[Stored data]
+ + + +
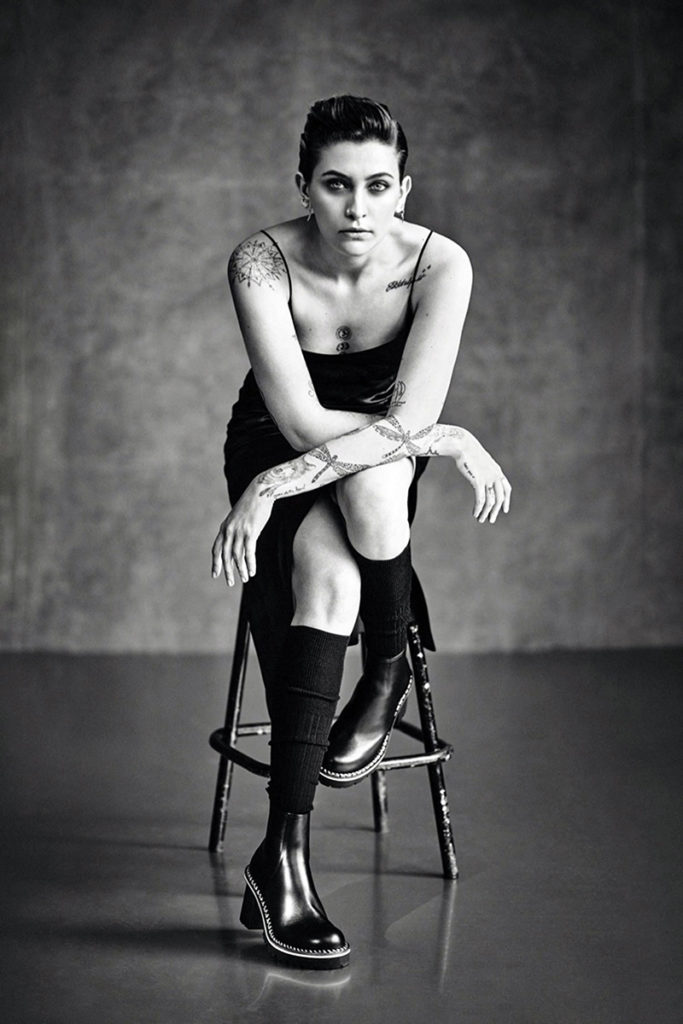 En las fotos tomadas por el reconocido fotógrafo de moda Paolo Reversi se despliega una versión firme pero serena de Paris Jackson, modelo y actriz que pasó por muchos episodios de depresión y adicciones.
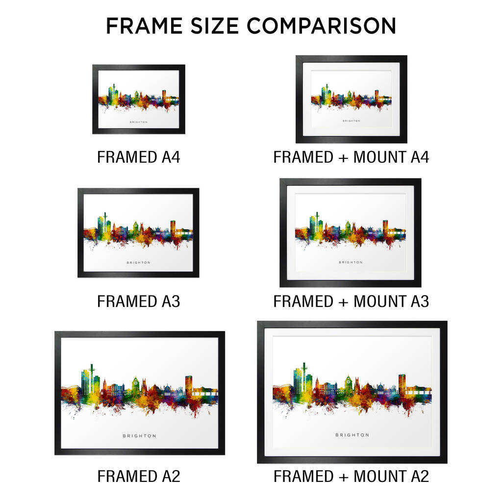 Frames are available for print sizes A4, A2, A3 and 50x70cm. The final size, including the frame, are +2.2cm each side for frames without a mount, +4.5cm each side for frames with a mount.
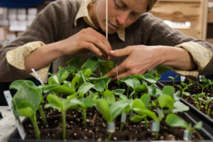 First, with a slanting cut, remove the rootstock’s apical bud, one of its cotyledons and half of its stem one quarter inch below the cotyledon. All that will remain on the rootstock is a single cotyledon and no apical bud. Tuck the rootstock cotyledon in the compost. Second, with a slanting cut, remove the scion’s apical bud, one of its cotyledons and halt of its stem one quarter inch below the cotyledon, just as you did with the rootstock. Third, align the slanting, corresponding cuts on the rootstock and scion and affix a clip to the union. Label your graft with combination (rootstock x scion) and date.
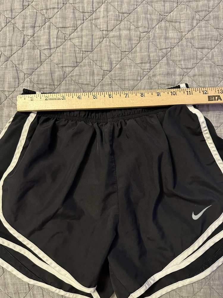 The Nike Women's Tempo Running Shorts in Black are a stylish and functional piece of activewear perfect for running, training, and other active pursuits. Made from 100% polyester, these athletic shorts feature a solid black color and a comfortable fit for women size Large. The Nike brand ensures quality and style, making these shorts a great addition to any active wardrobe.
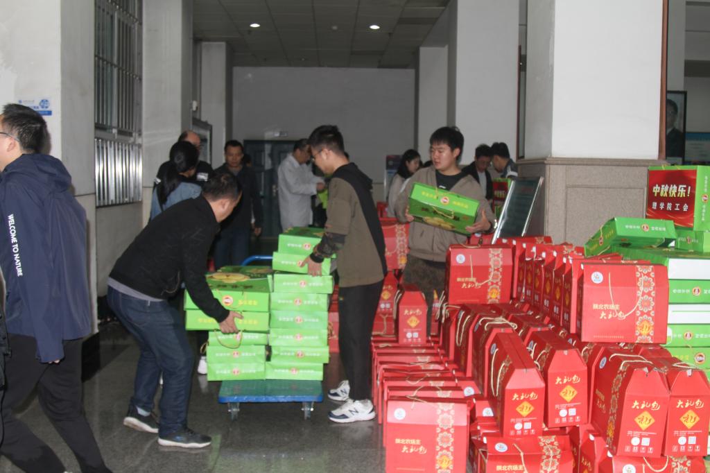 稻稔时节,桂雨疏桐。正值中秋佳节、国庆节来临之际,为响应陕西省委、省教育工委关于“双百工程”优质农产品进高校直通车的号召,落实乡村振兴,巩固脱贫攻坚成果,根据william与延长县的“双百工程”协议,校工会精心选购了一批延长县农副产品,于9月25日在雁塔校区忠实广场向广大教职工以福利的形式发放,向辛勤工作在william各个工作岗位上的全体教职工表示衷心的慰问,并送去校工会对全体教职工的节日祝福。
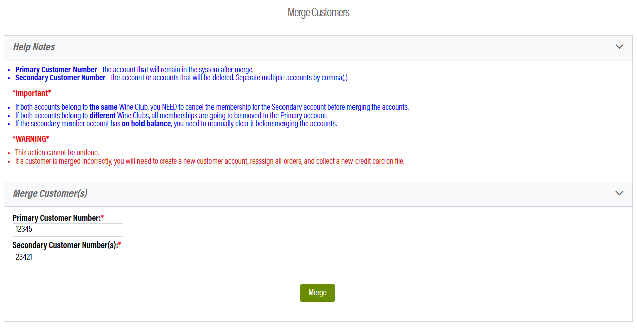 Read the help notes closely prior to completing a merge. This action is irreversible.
+ + + +
* [Task instructions]:
From the line with "Frames are available" down to the last line of the entries above, set down every line exactly, apart from the pictures.

* [Your response]:
 Frames are available for print sizes A4, A2, A3 and 50x70cm. The final size, including the frame, are +2.2cm each side for frames without a mount, +4.5cm each side for frames with a mount.
 First, with a slanting cut, remove the rootstock’s apical bud, one of its cotyledons and half of its stem one quarter inch below the cotyledon. All that will remain on the rootstock is a single cotyledon and no apical bud. Tuck the rootstock cotyledon in the compost. Second, with a slanting cut, remove the scion’s apical bud, one of its cotyledons and halt of its stem one quarter inch below the cotyledon, just as you did with the rootstock. Third, align the slanting, corresponding cuts on the rootstock and scion and affix a clip to the union. Label your graft with combination (rootstock x scion) and date.
 The Nike Women's Tempo Running Shorts in Black are a stylish and functional piece of activewear perfect for running, training, and other active pursuits. Made from 100% polyester, these athletic shorts feature a solid black color and a comfortable fit for women size Large. The Nike brand ensures quality and style, making these shorts a great addition to any active wardrobe.
 稻稔时节,桂雨疏桐。正值中秋佳节、国庆节来临之际,为响应陕西省委、省教育工委关于“双百工程”优质农产品进高校直通车的号召,落实乡村振兴,巩固脱贫攻坚成果,根据william与延长县的“双百工程”协议,校工会精心选购了一批延长县农副产品,于9月25日在雁塔校区忠实广场向广大教职工以福利的形式发放,向辛勤工作在william各个工作岗位上的全体教职工表示衷心的慰问,并送去校工会对全体教职工的节日祝福。
 Read the help notes closely prior to completing a merge. This action is irreversible.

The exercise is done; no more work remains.